Clemens Fuest, President of the Munich Ifo Institute, has expressed skepticism regarding the proposed changes to the so-called wealth tax. According to a reform package presented on Thursday, this tax is set to be 45 percent for assets over €250,000, rising to 47 percent for amounts exceeding €280,000. Speaking to Der Spiegel, Fuest stated that he finds the rationale for this jump of only €30,000 difficult to understand, suggesting that it is politically motivated rather than economically sound. He warns that this increase, coupled with rising pension contributions, places a substantial burden primarily on small and medium-sized businesses, noting that combined with the Soli tax, the burden approaches 50 percent, which could signal that less investment will occur within Germany.
While the government plans income tax relief totaling ten billion euros, Fuest pointed out that achieving a larger volume of relief would necessitate cuts in state expenditure.

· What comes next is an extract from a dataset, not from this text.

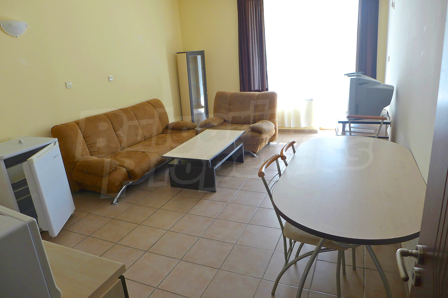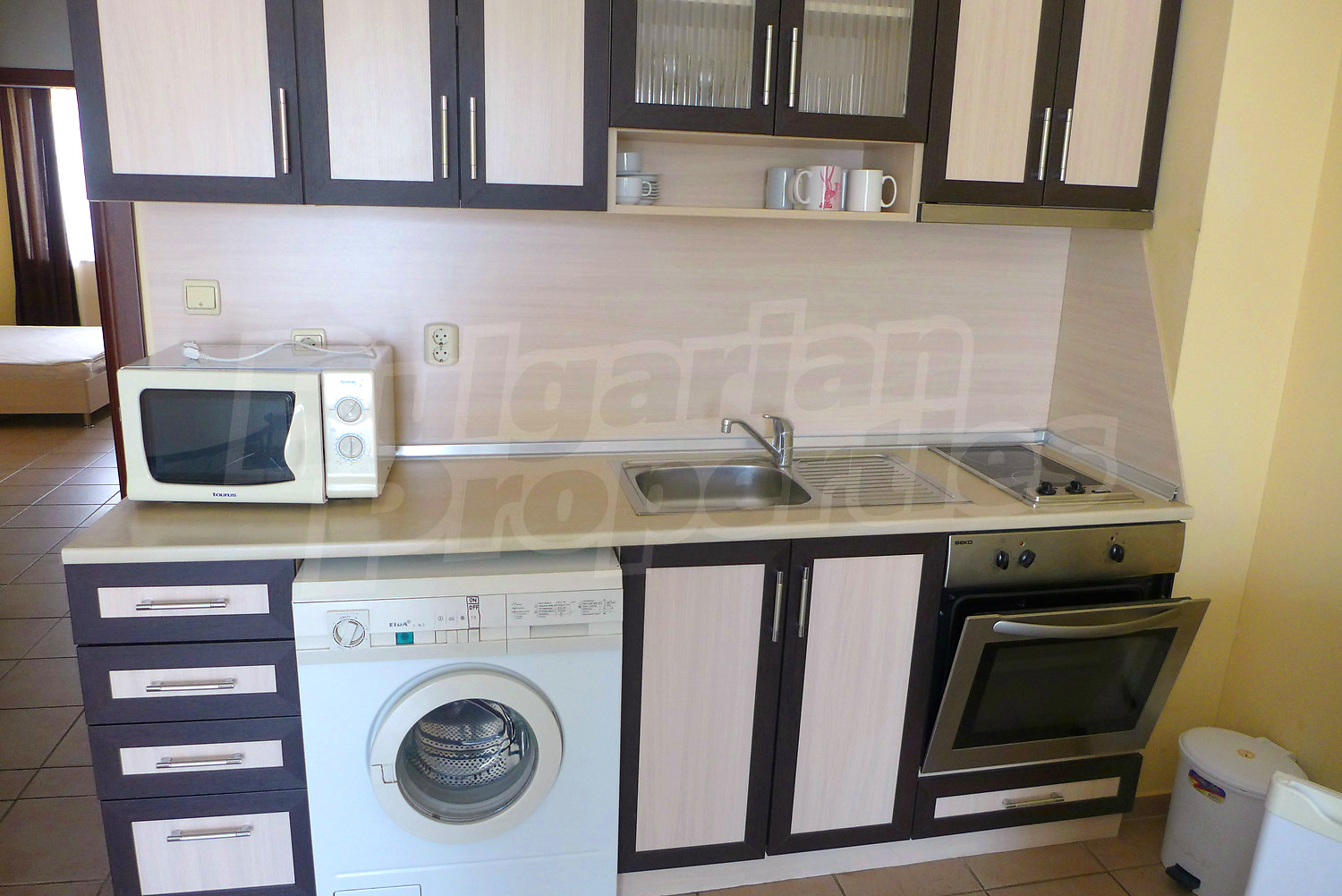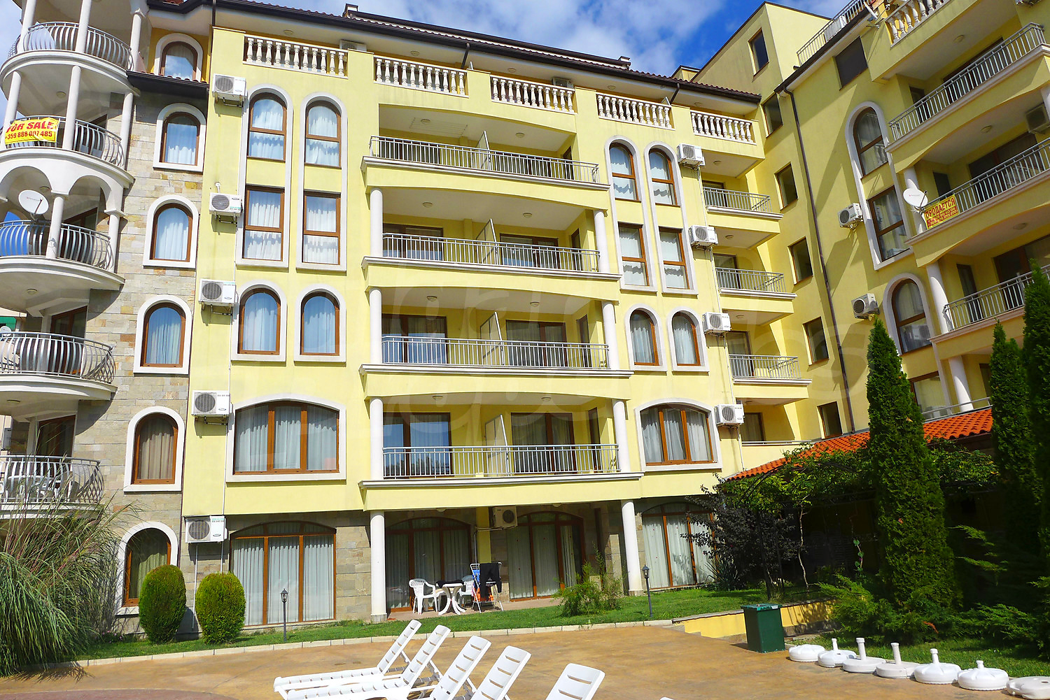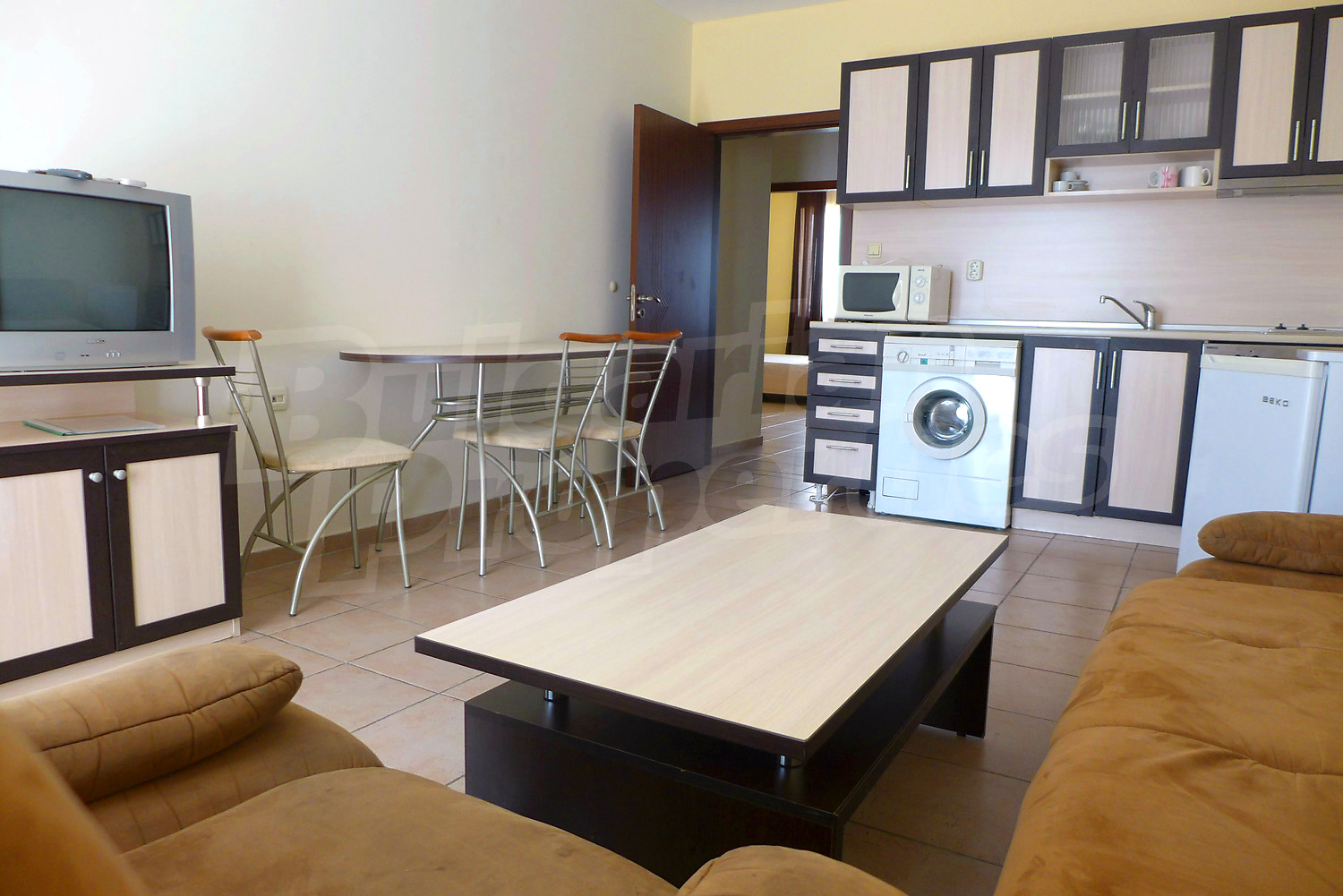 Трехкомнатная квартира площадью 84 м2. Предлагаемая недвижимость построена в 2005. Отопление кондиционером и отопление на электроконвекторах. Обеспечено кондиционирование следующего типа: стандартные кондиционеры. Стены покрашенные латексной краской и терракотовый пол имеются в предлагаемой недвижимости. Недвижимость включает следующую мебель и оборудование: бойлер электрический, встроенная кухня, вытяжка, духовка, кондиционер, мебель, оборудованная ванная комната, стиральная машина, телевизор и холодильник. Из основных коммуникаций обеспечены электричество, центральное водоснабжение и центральная канализация. Ванная комната с туалетом, обозначенная стоянка, терраса, бассейн, комплекс закрытого типа, консьерж, лифт, заасфальтированная дорога и интернет имеются в наличии среди прочих упомянутых характеристик предлагаемого объекта, что обеспечит дополнительные удобства для пользования. Виды на бассейн и виды на внутренний двор открываются с недвижимости, раскрывая часть красот живописной Болгарии.

However, the lack of a corresponding plan for these cuts is, according to him, the package’s greatest weakness.
Marie-Christine Ostermann, President of the Association of Family Business Owners, echoed the criticisms. She noted that income tax essentially functions as the corporate tax for most family-run companies in the country. On Thursday at the TV channel Welt, she stated that this undoubtedly imposes an additional strain. Furthermore, she added that the existing pension reform already involves a two-percent long-term burden through capital cover. An additional burden from tax reforms is now being layered on top of that, despite the urgent need for companies to relieve pressure so they can resume investing.

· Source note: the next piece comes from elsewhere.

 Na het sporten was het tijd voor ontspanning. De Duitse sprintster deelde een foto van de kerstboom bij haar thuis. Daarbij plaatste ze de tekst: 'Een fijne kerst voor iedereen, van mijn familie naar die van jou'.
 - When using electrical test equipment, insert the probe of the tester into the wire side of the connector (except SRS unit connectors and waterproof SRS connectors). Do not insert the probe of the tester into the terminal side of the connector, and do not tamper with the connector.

Ostermann emphasized that higher tax rates and labor costs inhibit investment, but growth requires equity capital. She insisted that the focus must be on driving growth and investments within Germany by allowing companies to retain more private capital, rather than continuing concepts that involve state-controlled subsidies for “future technologies.” Instead, she argues, the priority must be placing trust in the private, free initiative of the country’s businesses. To address this, Ostermann demanded that the government do much more to provide tax relief to companies. If the proposed income tax changes fail, she argued, then at least the electricity tax should be completely eliminated for all companies immediately, stressing that financial and tax relief is the most crucial intervention needed.